3) Boot into the hibernated Ubuntu. Changes you've made while in your other OS aren't saved, and if you're unlucky the partition itself is corrupted and needs repairing. If you have shared data (such as firefox/thunderbird/pidgin profiles, all of which I use) you'll have to clean them up as well.
I had no idea what had happened, at first, till I realized that this was the first time I'd actually booted into another OS while my main one (Ubuntu) was hibernated (since hibernate never worked for me pre-Intrepid RC). So I've been reading what I could find online, and it seems that no1 knows how to hibernate in a dual-boot.
The main problem here is that when hibernating, the OS (Ubuntu or Windows) saves a file cache (probably of the FAT, or is that an outdated acronym?). This old thread describes one forum member's attempts at a solution (which worked, for him, in XP).
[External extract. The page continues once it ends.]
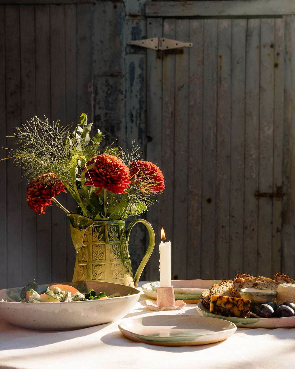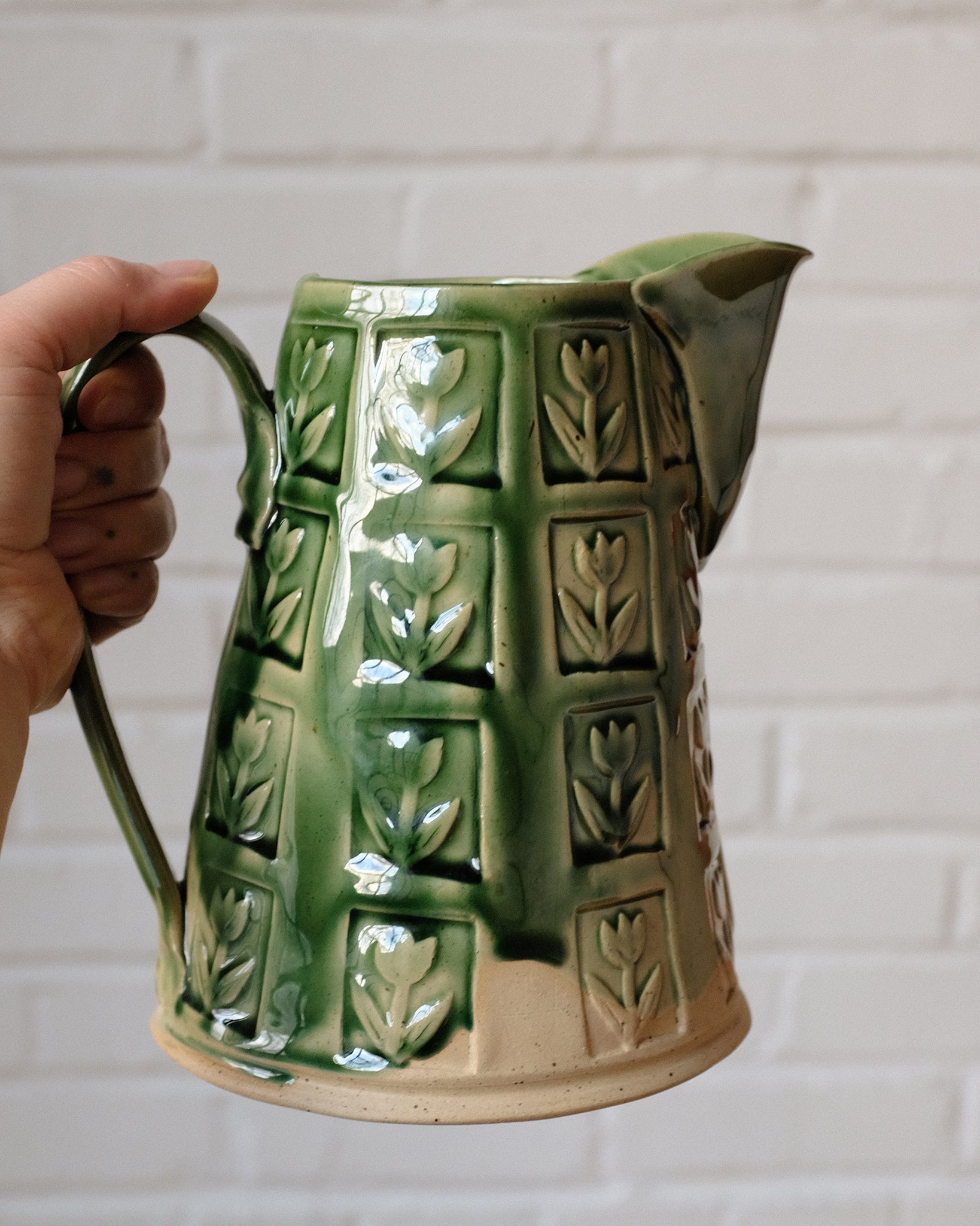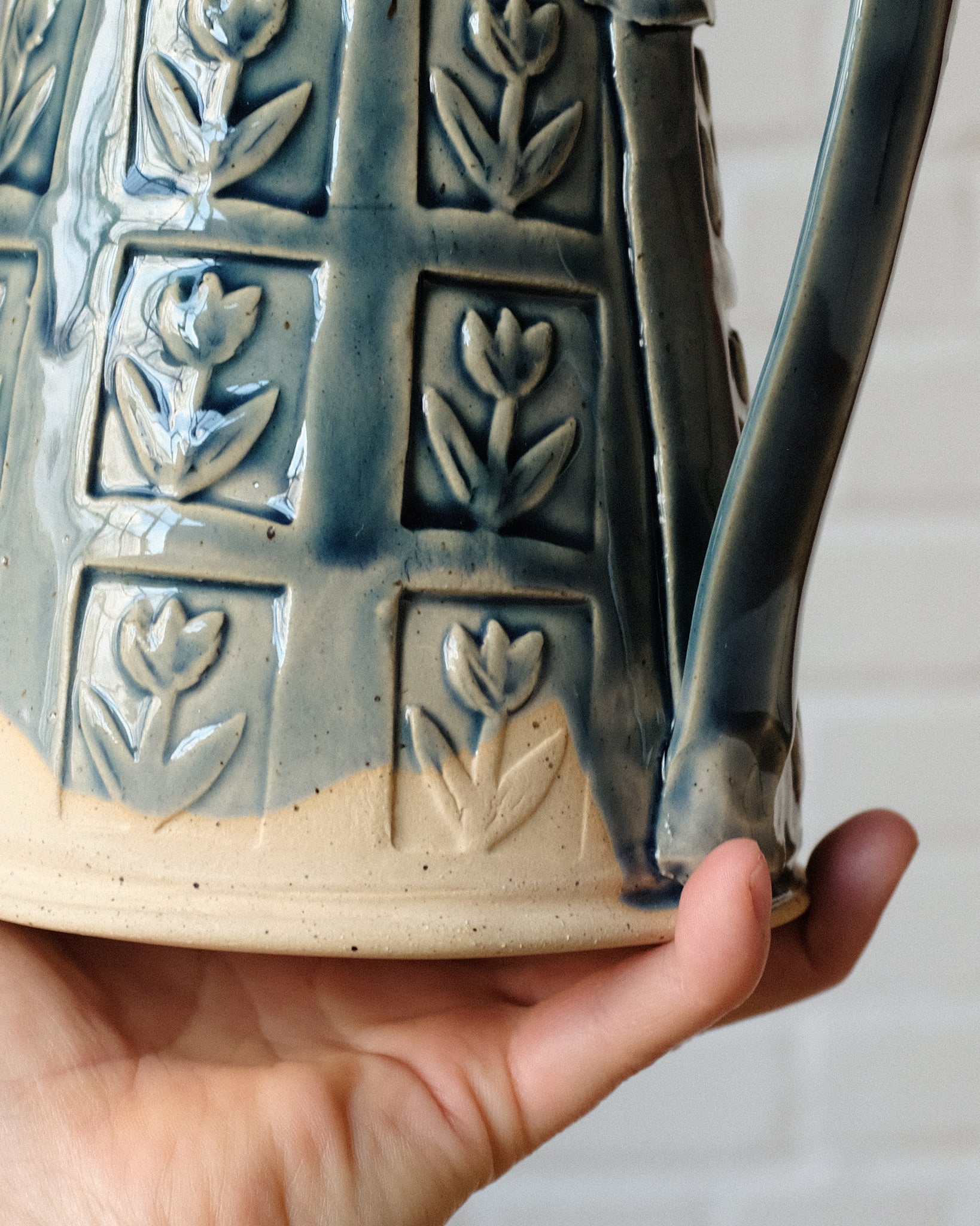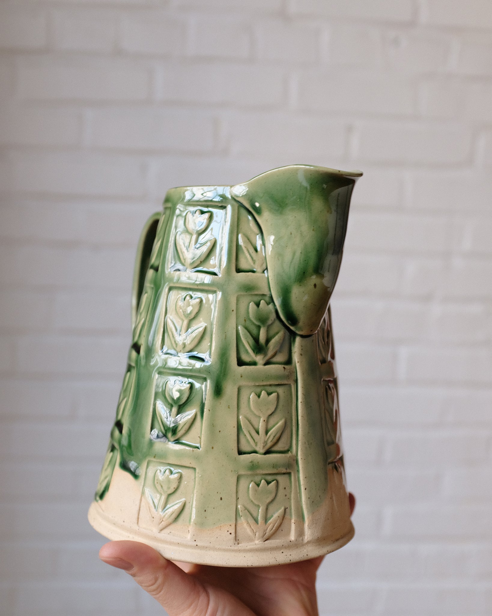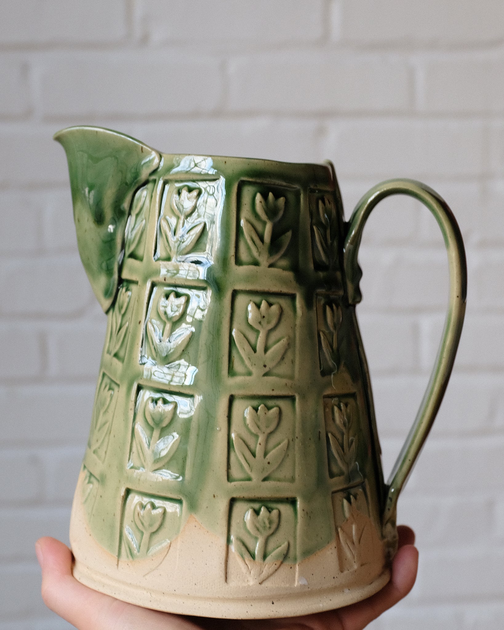 Pitcher made from a rolled out slab of clay, cut and stamped with hand-carved clay stamps. Glazed with a glossy translucent glaze that pools in the grooves of the stamped areas to accentuate the details.

Somehow, if the file cache is the only problem, I would have thought it would be possible to instruct the OS to, when hibernating, flush it prior to the hibernate (as done in the above thread). Does anyone know how to do this, at least in Linux/Ubuntu? Then I could hibernate my main OS, I use Vista infrequently enough that I could care less whether it takes a long time to start up.